Please copy the entries below word for word, leaving out any image.

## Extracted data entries
::::

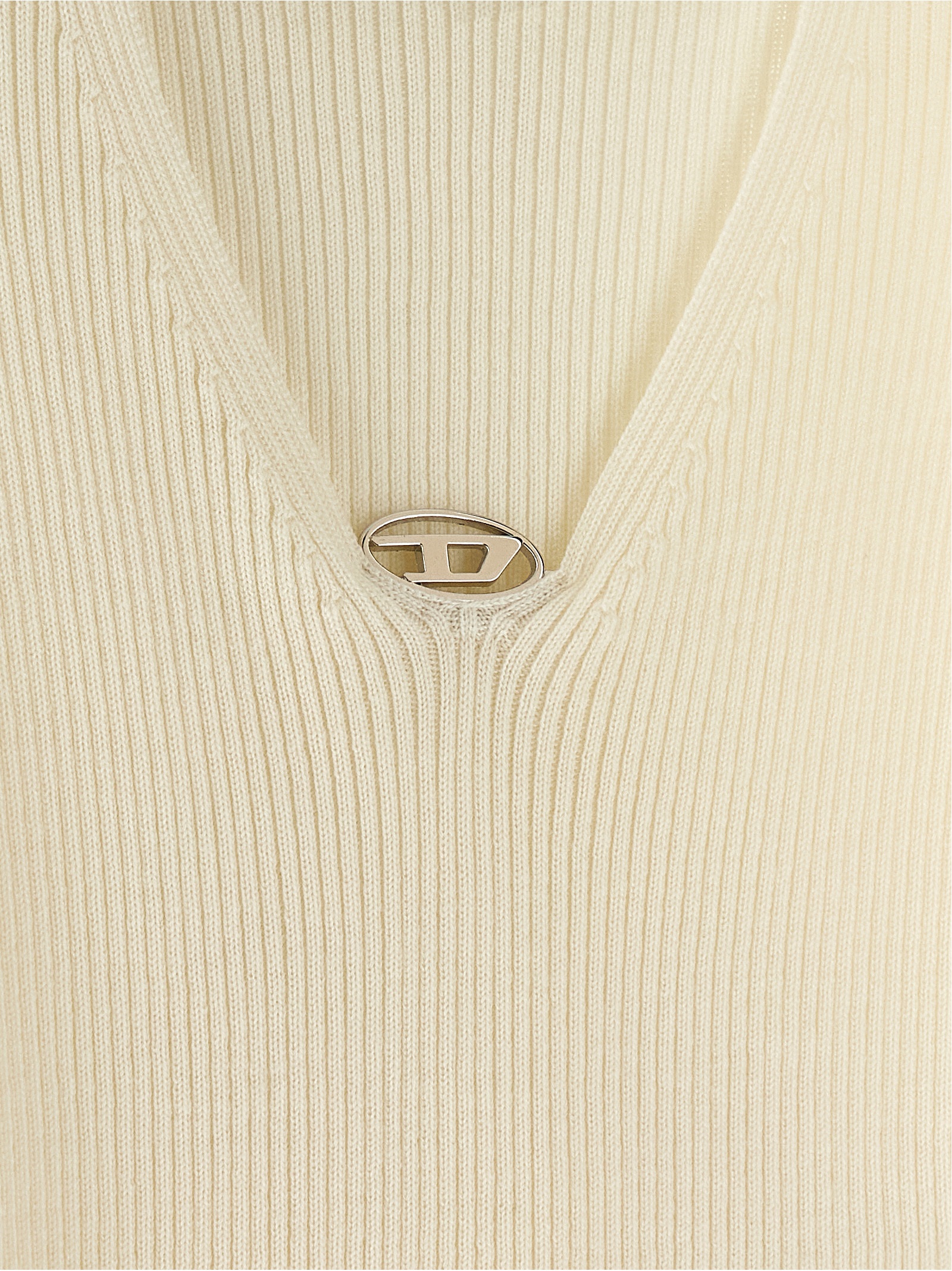 'M-Olive' ribbed stretch wool top with mock collar, front cut-out with metal Oval D appliqué, short sleeves.
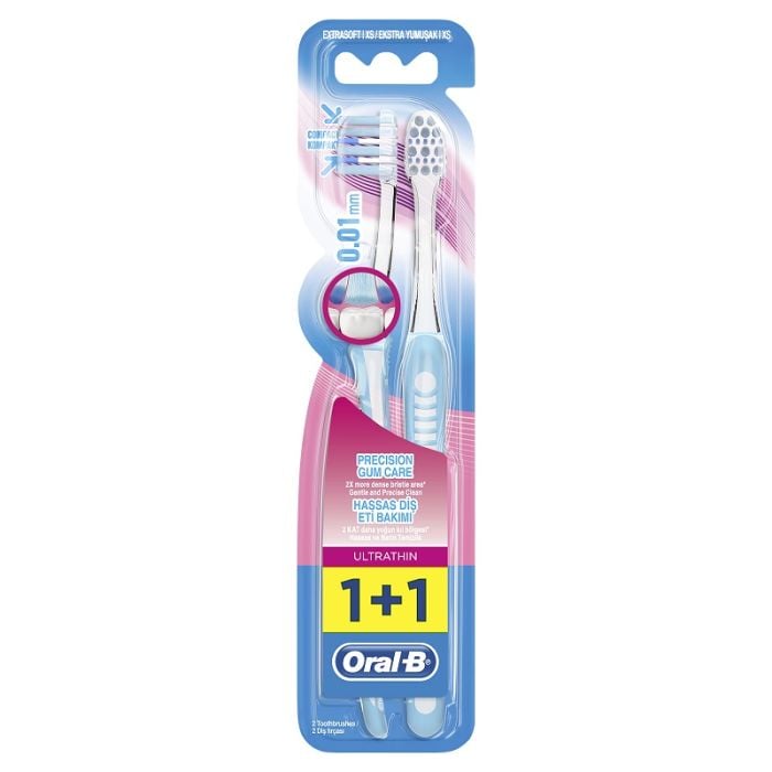 Четката за зъби Oral-B Ultra Thin Gum Care Toothbrush Pack of two е специално предназначена за чувствителни венци и зъби. Достига до труднодостъпните места като отстранява бактериите и плаката, благодарение на ултра тънките влакна с дебелина 0.01 mm. Те предпазват емайла и са много щадящи към венците. С Орал-Б Ултра Тънка Грижа за венците Четки за зъби 2 бр миенето на зъбите се превръща от задължение в удоволствие. След употреба зъбите са перфектно почистени и защитени, а усмивката е искрящо бяла. Предлага се в опаковка от два броя четки за зъби.
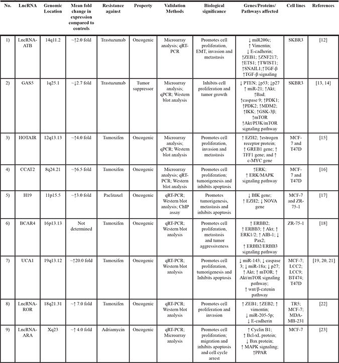 Table 1: Breast cancer-associated long non-coding RNAs, their reported biological functions in drug resistance and the affected pathways
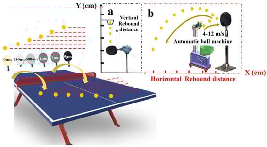 The surface structure of the treated samples was determined using X-ray powder diffraction (XRD, Philiphs, PW 1840 diffractometer, Kyoto, Japan), operating with Cu-K radiation at a scan rate of 4°/min, an accelerating voltage of 40 kV, and an applied current of 30 mA ranging from 5° to 80°. Non-contact surface profilometry (Wyko, Greenbackville, VA, USA) was used to calculate the surface roughness [54,55]. Viscoelasticity was measured using the DMA Q800 (TA, Newcastle, DE, USA) analyzer at room temperature. The single cantilever mode was selected, and the measurement was carried out on a rectangular cross-sectional bar with dimensions of 35 × 10 × 0.8 mm3 (L × T × R) [56]. Vertical rebound distance (Figure 2a) and dynamic rebound distance (Figure 2b) testing require the TTRB to be pneumatically fixed to the handle. The steps are as follows: Select 4 TTRBs as repeat samples; the weight of each TTRB must not differ by 5 g, and the total weight is within the range of 85~90 g. The weight of each ping-pong ball is controlled at 2.6~2.7 g. The serving speed of the table tennis machine is 4 m/s, 6 m/s, 10 m/s, and 12 m/s, respectively, and the test area is kept closed to reduce the influence of air flow on the test results. Each measurement was performed five times independently of one another.
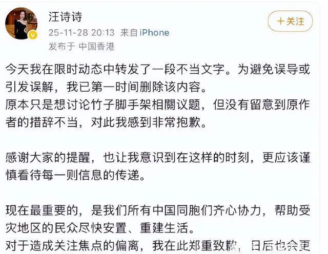 跟着事情的逐渐发酵,汪诗诗的发言遭到了无边网友的约束。 眼看事情朝着弗成控的场地发展,汪诗诗很快就聘用发文说念歉。 仅仅她的说念歉并不真挚,反倒再次展现了我方的双标行为。
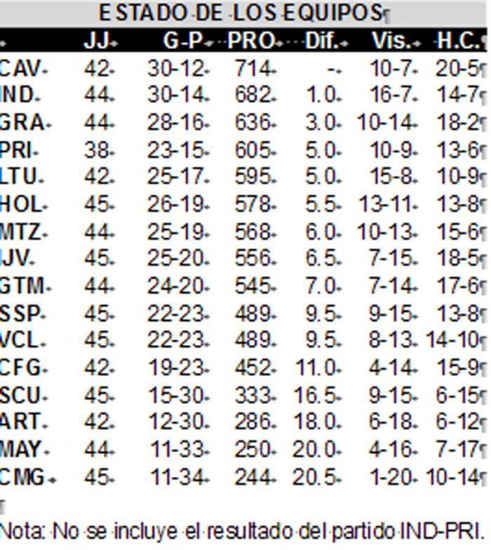 *Balance de Clasificación de Equipos: se calcula dividiendo las carreras anotadas entre los innings a la ofensiva, menos las carreras permitidas entre los innings a la defensiva. Dicha fórmula arroja un índice, y el equipo de mayor índice ocupará la mejor posición.
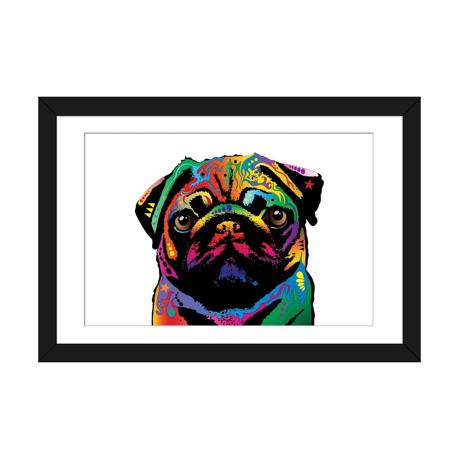 iCanvas "Rainbow Pug on White" by Michael Tompsett
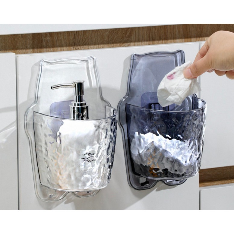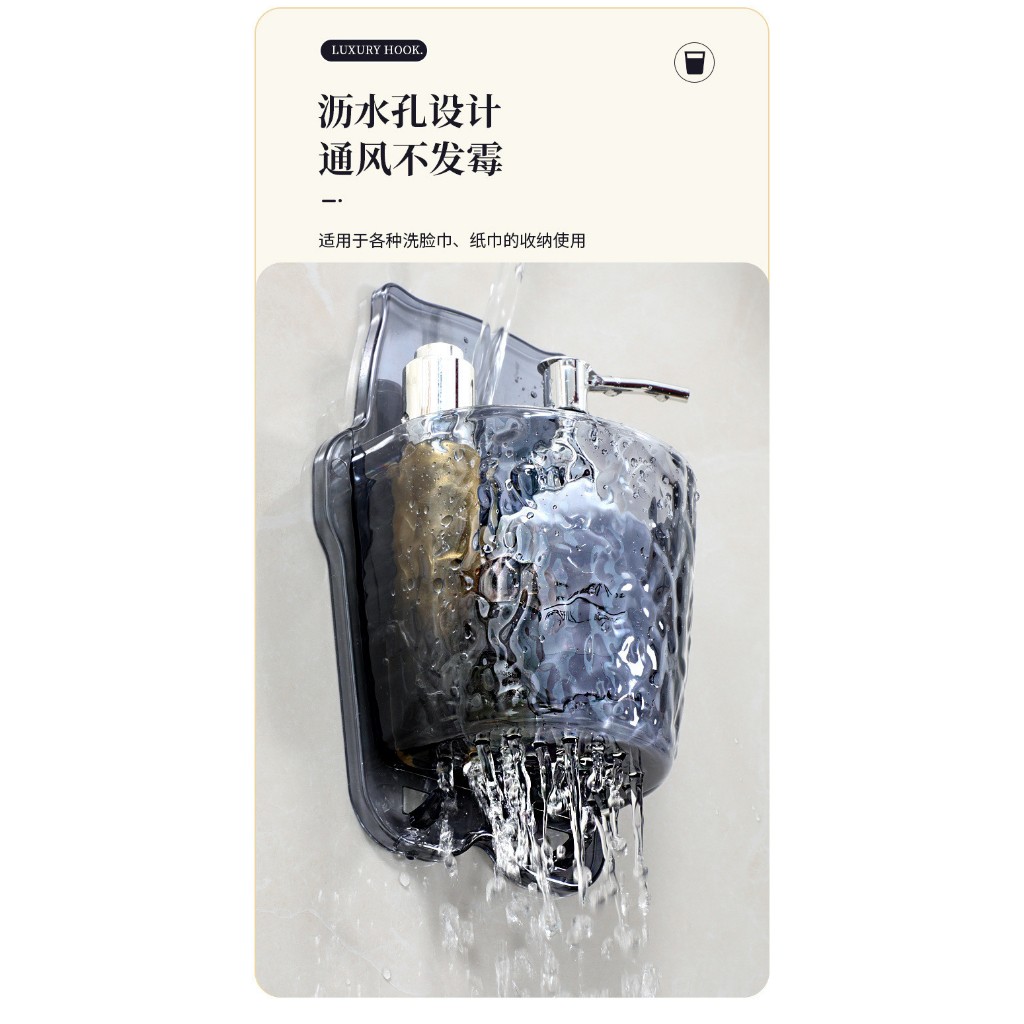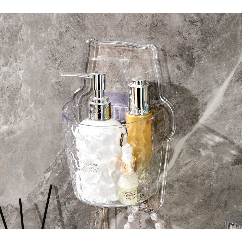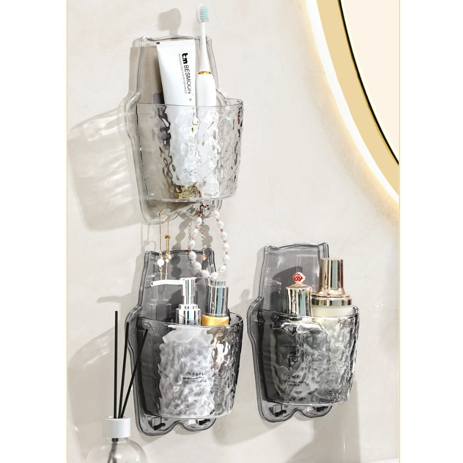 Giỏ đựng kem đánh răng bàn chải không cần khoan đục-Giỏ đựng mĩ phẩm sang trọng tiện lợi có móc treo đồ có lỗ thoát nước
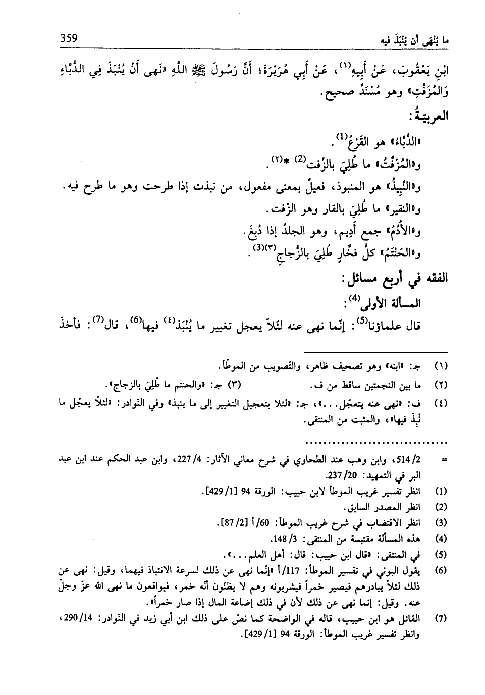 (¬6) يقول البوني ني تفسير الموطَّأ: 117/ أ "إنّما نهى عن ذلك لسرعة الانتباذ فيهما، وقيل: نهى عن ذلك لئلّا يبادرهم فيصير خمرًا فيشربونه وهم لا يظنّون أنّه خمر، فيواقعون ما نهى الله عَزَّ وَجَلَّ عنه. وقيل: إنّما نهى عن ذلك لأنَّ في ذلك إضاعة المال إذا صار خمرًا".
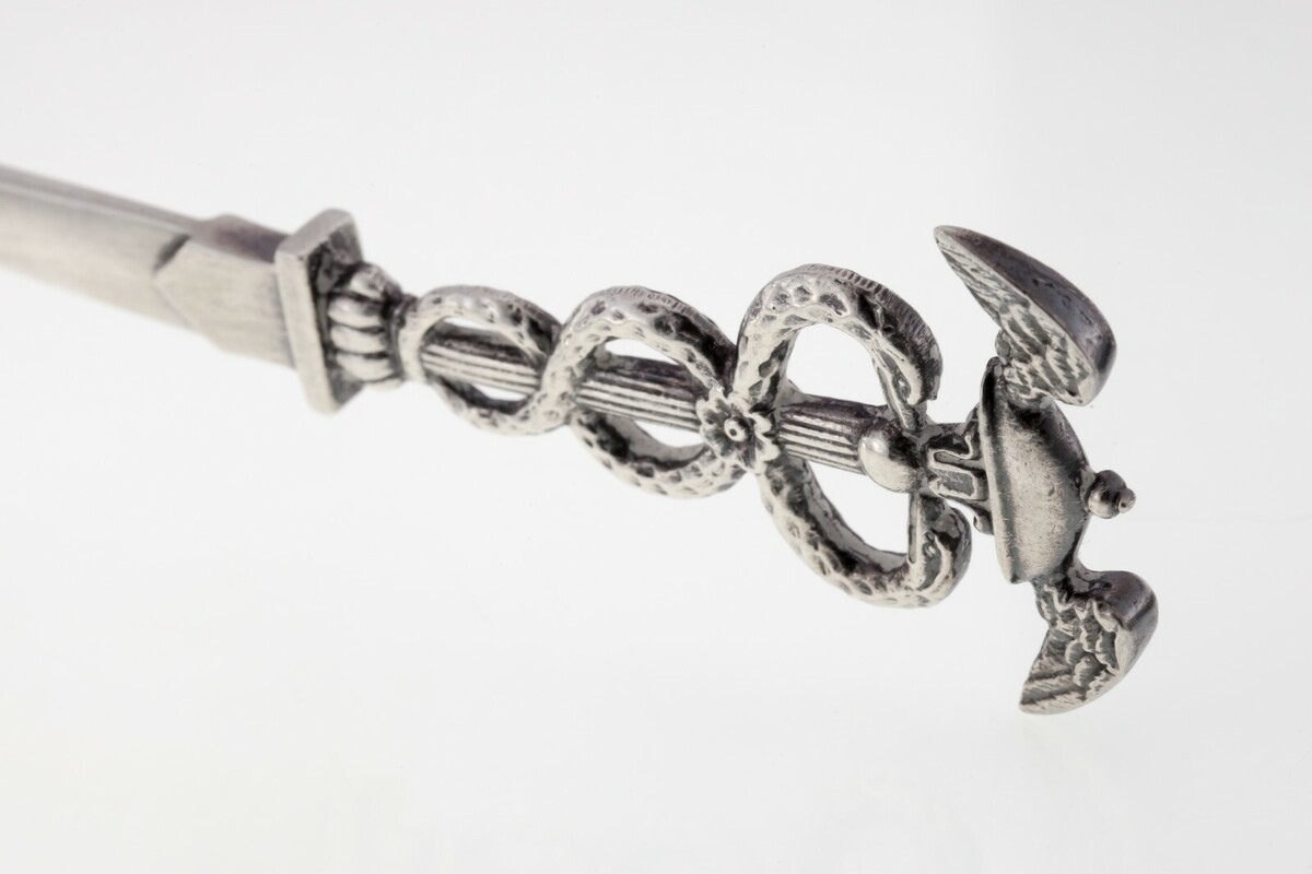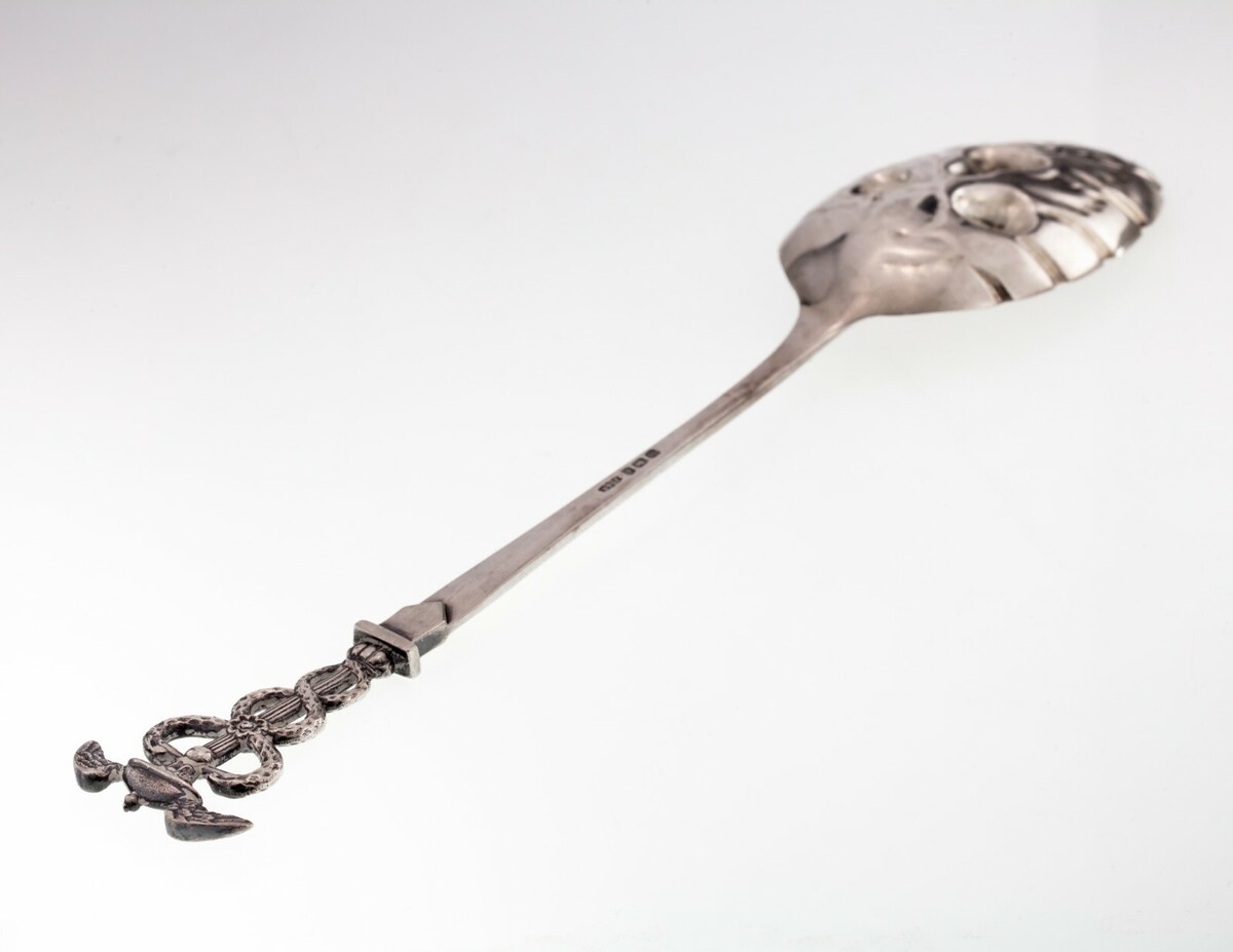 Features Fruit repousse spoon and nicely done Caduceus handle

::::

## Written answer
 'M-Olive' ribbed stretch wool top with mock collar, front cut-out with metal Oval D appliqué, short sleeves.
 Четката за зъби Oral-B Ultra Thin Gum Care Toothbrush Pack of two е специално предназначена за чувствителни венци и зъби. Достига до труднодостъпните места като отстранява бактериите и плаката, благодарение на ултра тънките влакна с дебелина 0.01 mm. Те предпазват емайла и са много щадящи към венците. С Орал-Б Ултра Тънка Грижа за венците Четки за зъби 2 бр миенето на зъбите се превръща от задължение в удоволствие. След употреба зъбите са перфектно почистени и защитени, а усмивката е искрящо бяла. Предлага се в опаковка от два броя четки за зъби.
 Table 1: Breast cancer-associated long non-coding RNAs, their reported biological functions in drug resistance and the affected pathways
 The surface structure of the treated samples was determined using X-ray powder diffraction (XRD, Philiphs, PW 1840 diffractometer, Kyoto, Japan), operating with Cu-K radiation at a scan rate of 4°/min, an accelerating voltage of 40 kV, and an applied current of 30 mA ranging from 5° to 80°. Non-contact surface profilometry (Wyko, Greenbackville, VA, USA) was used to calculate the surface roughness [54,55]. Viscoelasticity was measured using the DMA Q800 (TA, Newcastle, DE, USA) analyzer at room temperature. The single cantilever mode was selected, and the measurement was carried out on a rectangular cross-sectional bar with dimensions of 35 × 10 × 0.8 mm3 (L × T × R) [56]. Vertical rebound distance (Figure 2a) and dynamic rebound distance (Figure 2b) testing require the TTRB to be pneumatically fixed to the handle. The steps are as follows: Select 4 TTRBs as repeat samples; the weight of each TTRB must not differ by 5 g, and the total weight is within the range of 85~90 g. The weight of each ping-pong ball is controlled at 2.6~2.7 g. The serving speed of the table tennis machine is 4 m/s, 6 m/s, 10 m/s, and 12 m/s, respectively, and the test area is kept closed to reduce the influence of air flow on the test results. Each measurement was performed five times independently of one another.
 跟着事情的逐渐发酵,汪诗诗的发言遭到了无边网友的约束。 眼看事情朝着弗成控的场地发展,汪诗诗很快就聘用发文说念歉。 仅仅她的说念歉并不真挚,反倒再次展现了我方的双标行为。
 *Balance de Clasificación de Equipos: se calcula dividiendo las carreras anotadas entre los innings a la ofensiva, menos las carreras permitidas entre los innings a la defensiva. Dicha fórmula arroja un índice, y el equipo de mayor índice ocupará la mejor posición.
 iCanvas "Rainbow Pug on White" by Michael Tompsett
 Giỏ đựng kem đánh răng bàn chải không cần khoan đục-Giỏ đựng mĩ phẩm sang trọng tiện lợi có móc treo đồ có lỗ thoát nước
 (¬6) يقول البوني ني تفسير الموطَّأ: 117/ أ "إنّما نهى عن ذلك لسرعة الانتباذ فيهما، وقيل: نهى عن ذلك لئلّا يبادرهم فيصير خمرًا فيشربونه وهم لا يظنّون أنّه خمر، فيواقعون ما نهى الله عَزَّ وَجَلَّ عنه. وقيل: إنّما نهى عن ذلك لأنَّ في ذلك إضاعة المال إذا صار خمرًا".
 Features Fruit repousse spoon and nicely done Caduceus handle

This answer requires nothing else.